Neuropeptides represent a large and diverse class of signaling molecules in the brain that have important functions in experience-dependent plasticity. Understanding how experience impacts the structure and organization of this signaling network, however, is a daunting task due to the diversity and complexity of neuropeptide signaling pathways in the brain. We have reconstructed the neuropeptide network of the entire C. elegans nervous system in silico to penetrate this complexity. This “neuropeptide connectome” yields an unprecedented bird’s-eye-view on how neuropeptide signaling pathways are organized within the animal brain, in addition to having uncovered a variety of neuropeptidergic pathways that link specific brain circuits, like the oxygen-sensing circuit, to other brain areas. We have identified experience-dependent changes in neuropeptide network structure, tested animals defective for these neuropeptides and their receptors for different oxygen-dependent behaviors, and identified several neuropeptide systems that drive the behavioral adaptations following long-term exposure to aversive oxygen levels. We are now deploying tools to directly monitor neuropeptide signaling to understand which brain regions are affected upon different types of aversive experience. Specifically, we implemented a novel transcription-based activation sensor that produces a stable fluorescent readout upon neuropeptide receptor activation. The sensor allows monitoring receptor activation upon exogenous application of neuropeptide ligands, in response to optogenetically-induced neuropeptide release, and under conditions entailing endogenous neuropeptide release. Given it can be modularly applied to different neuropeptide receptors, we are validating its use for a panel of candidate receptors and circuits. Finally, we are using direct genetic manipulations and neural activity recordings to understand how the activity of target brain regions is shaped by experience-dependent changes in neuropeptide signaling, and how this ultimately affects behavior. Altogether, these findings provide a scaffold to further unravel how aversive experience influences the structure of neuropeptidergic signaling networks and mediates long-term behavioral changes. Moreover, our newly developed technologies can be used to study neuropeptide signaling in a variety of biological contexts with unprecedented detail.

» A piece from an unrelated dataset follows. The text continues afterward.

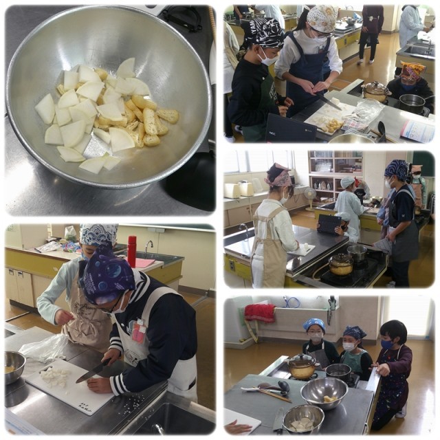 昨日に引き続き、3組が調理実習に取り組んでいます。
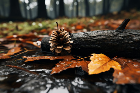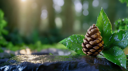 Forest ambiance with pine cone resting on damp green leaf, evoking freshness and tranquility

Neuropeptides are increasingly being recognized as neural signaling molecules that provoke long-lasting changes in neural circuits and behavior. Yet, how experience shapes these signaling networks and how this in turn modifies behavior remains poorly understood. By assessing neuropeptide signaling pathways across the entire nervous system of the miniature worm C. elegans, we are delivering an unprecedented brain-wide view on the organization of neuropeptide signaling in the animal brain. This neuropeptide connectome encompasses the worm’s entire brain and connects brain regions that would otherwise not be able to exchange signals through synaptic connections alone. Using this network, we found the small and well-described oxygen sensing circuit to produce multiple neuropeptides that adjust worm behavior after prolonged exposure to aversive oxygen levels. We are developing genetically-encoded sensors for neuropeptide signaling to understand exactly which brain regions are affected by these molecules. This suggests conditional neuropeptide transmission, i.e. neuropeptides being released and exerting their function only under specific circumstances, to be an important feature shaping the structure and function of the neuropeptide connectome. As neuropeptides have ancient origins and their networks exhibit evolutionary conservation in their structure, our insights into how neuropeptide signaling and function is shaped by experience are likely to guide similar thinking about the largely uncharacterized neuropeptide networks of the mammalian brain. Furthermore, we also anticipate the technological innovation of neuropeptide GPCR sensors to spill over into many new conceptual advancements in the neuroscience field, as the newly developed tools are broadly applicable to investigate neuropeptidergic modulation of diverse brain functions, such as learning, memory, sleep and development.